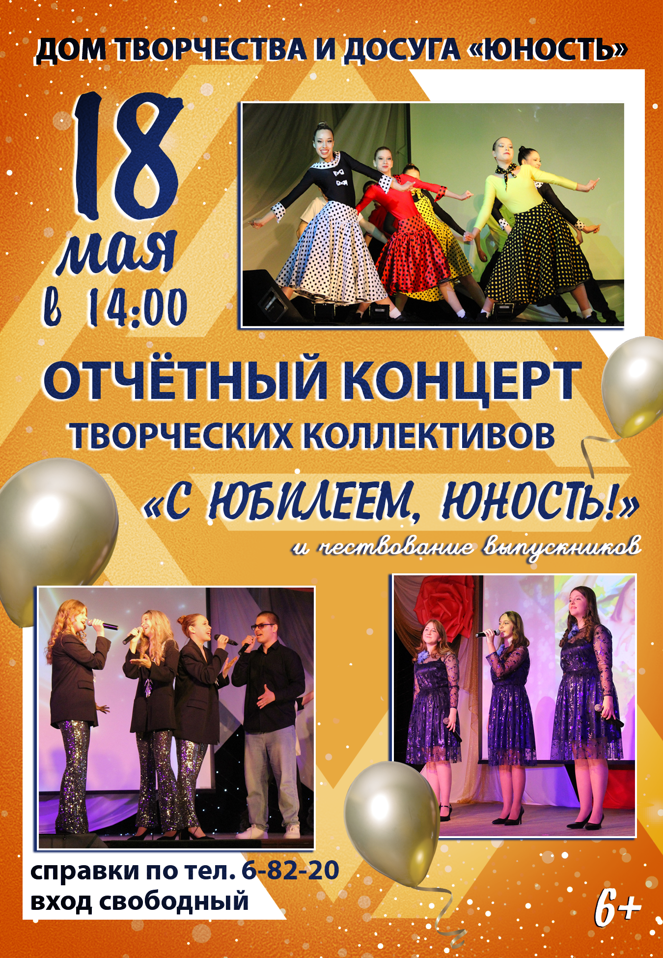 Дорогие друзья! С радостью приглашаем ВСЕХ на ОТЧЁТНЫЙ КОНЦЕРТ творческих коллективов «С юбилеем, Юность»!
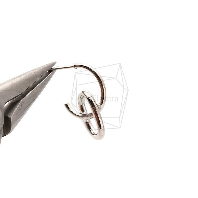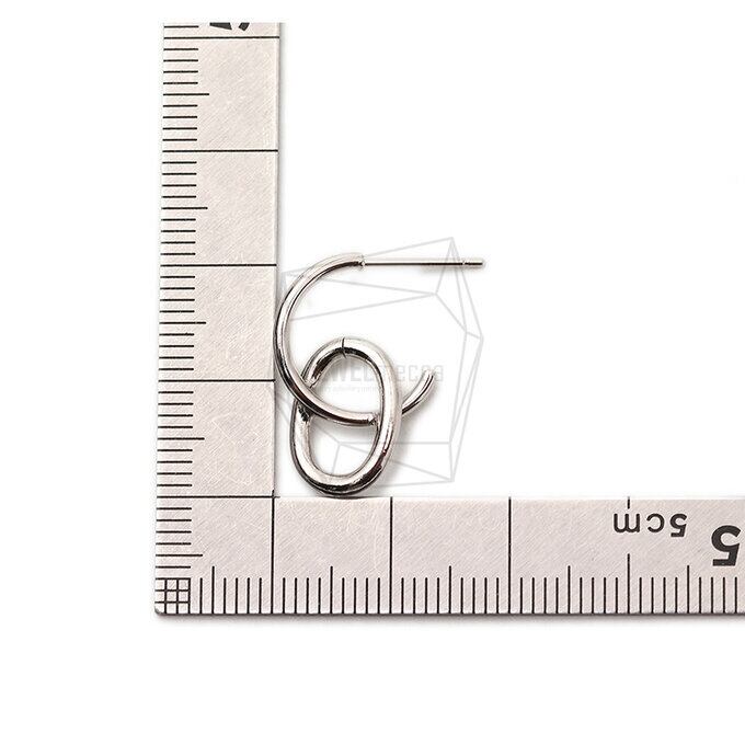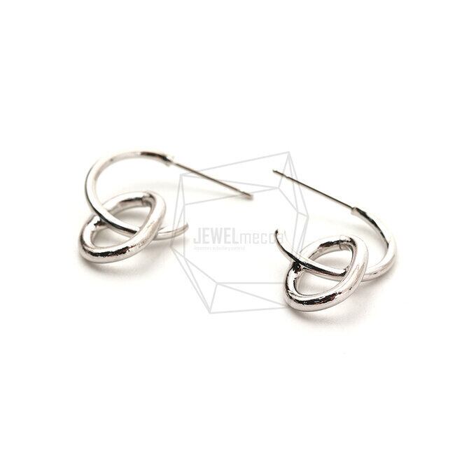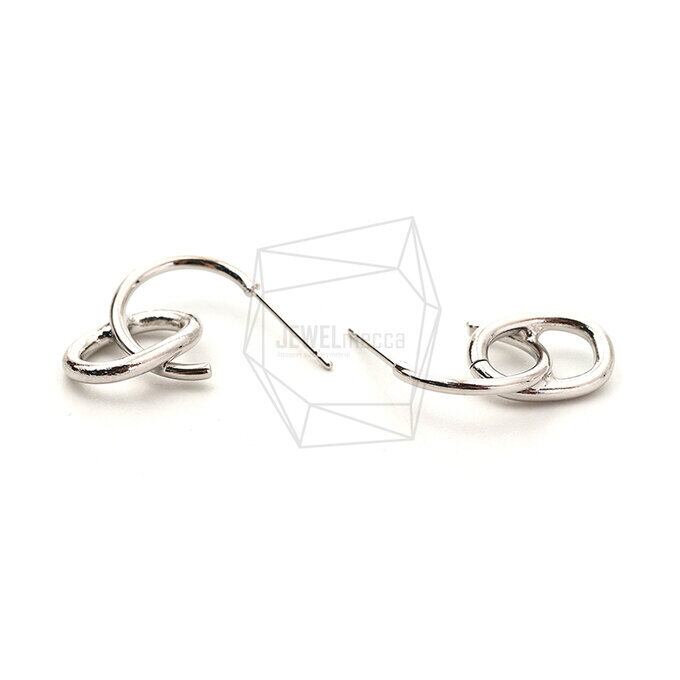 ERG-1787-R/2PCS/Linked Hoop Earring Post/14mm x 21mm/Rhodium Plated Over Brass
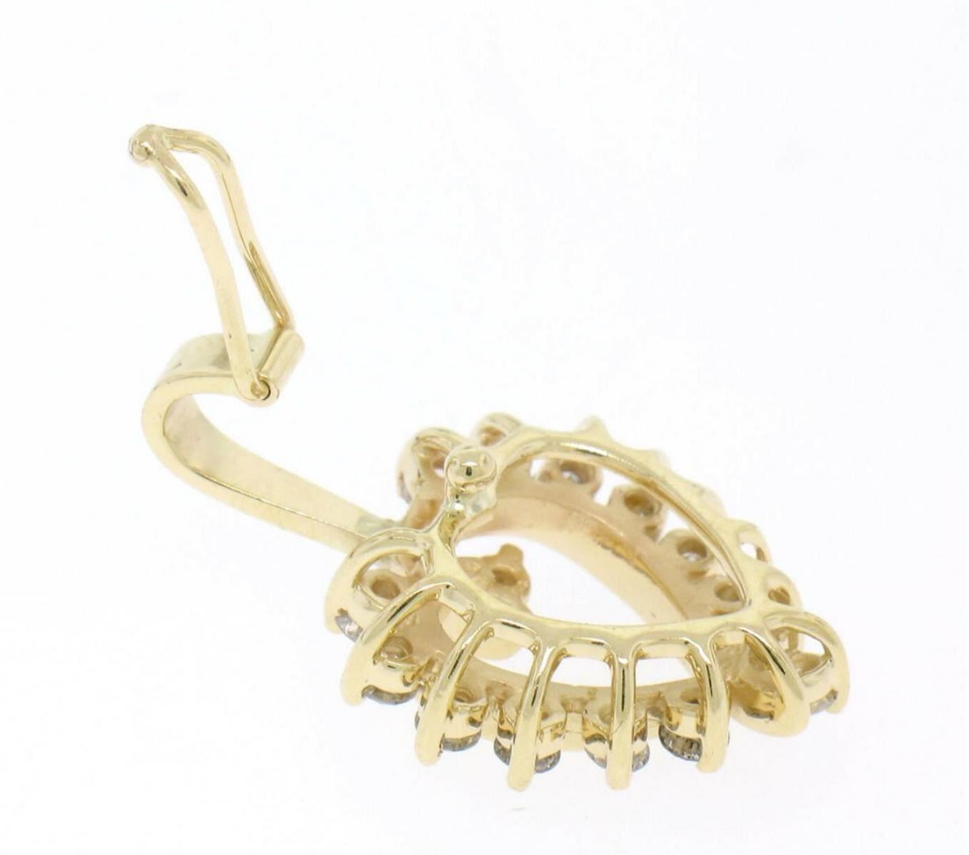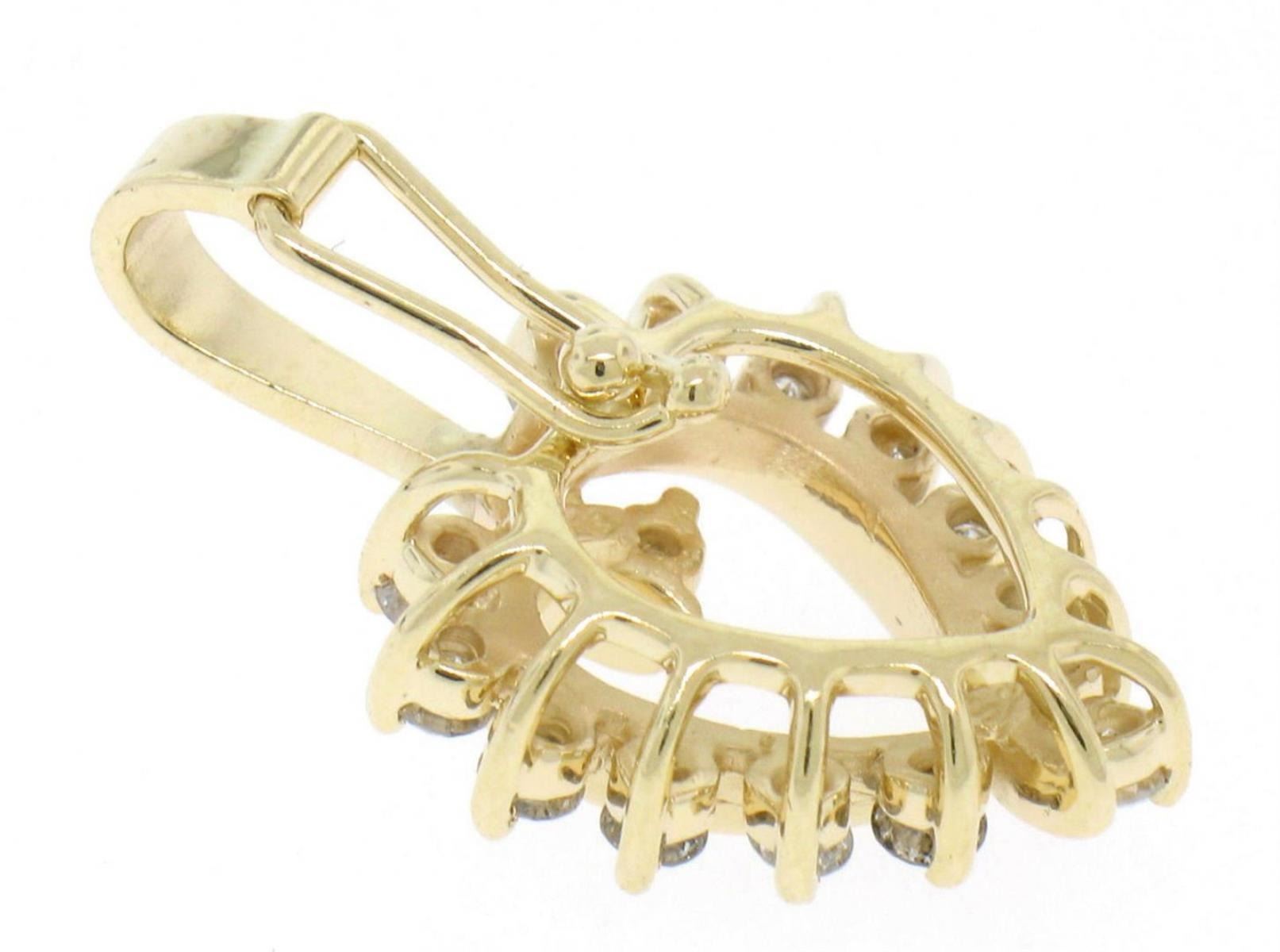 One 14K Solid Yellow Gold 1.0 CTW 16 Round Diamond Offset Heart Enhancer Pendant . Item Details : Material: 14K Solid Yellow Gold , Weight: 3.80 Grams , Stone: (16) Natural Genuine Round Brilliant Cut White Diamonds - 1.00 ctw - Clarity: SI1 - Color: G/H, Dimensions/Size: Pendant measures 15.22 mm Side to Side X 17.69 mm Top to Bottom (26.55 mm Top to Bottom if you include the long enhancer bale) , Chain: This pendant does not come with a chain. However, for a small additional charge we can provide a matching 14K Solid Yellow Gold cable link chain in either 16" or 18". If that is of interest to you please message us and we will adjust the pricing to include the matching chain in the length of your choice. , Condition: Like New

▸ **WORK TASK**:
In your copy, restate the data above word for word but leave out any picture.

▸ **EXERCISE RESPONSE**:
 Дорогие друзья! С радостью приглашаем ВСЕХ на ОТЧЁТНЫЙ КОНЦЕРТ творческих коллективов «С юбилеем, Юность»!
 ERG-1787-R/2PCS/Linked Hoop Earring Post/14mm x 21mm/Rhodium Plated Over Brass
 One 14K Solid Yellow Gold 1.0 CTW 16 Round Diamond Offset Heart Enhancer Pendant . Item Details : Material: 14K Solid Yellow Gold , Weight: 3.80 Grams , Stone: (16) Natural Genuine Round Brilliant Cut White Diamonds - 1.00 ctw - Clarity: SI1 - Color: G/H, Dimensions/Size: Pendant measures 15.22 mm Side to Side X 17.69 mm Top to Bottom (26.55 mm Top to Bottom if you include the long enhancer bale) , Chain: This pendant does not come with a chain. However, for a small additional charge we can provide a matching 14K Solid Yellow Gold cable link chain in either 16" or 18". If that is of interest to you please message us and we will adjust the pricing to include the matching chain in the length of your choice. , Condition: Like New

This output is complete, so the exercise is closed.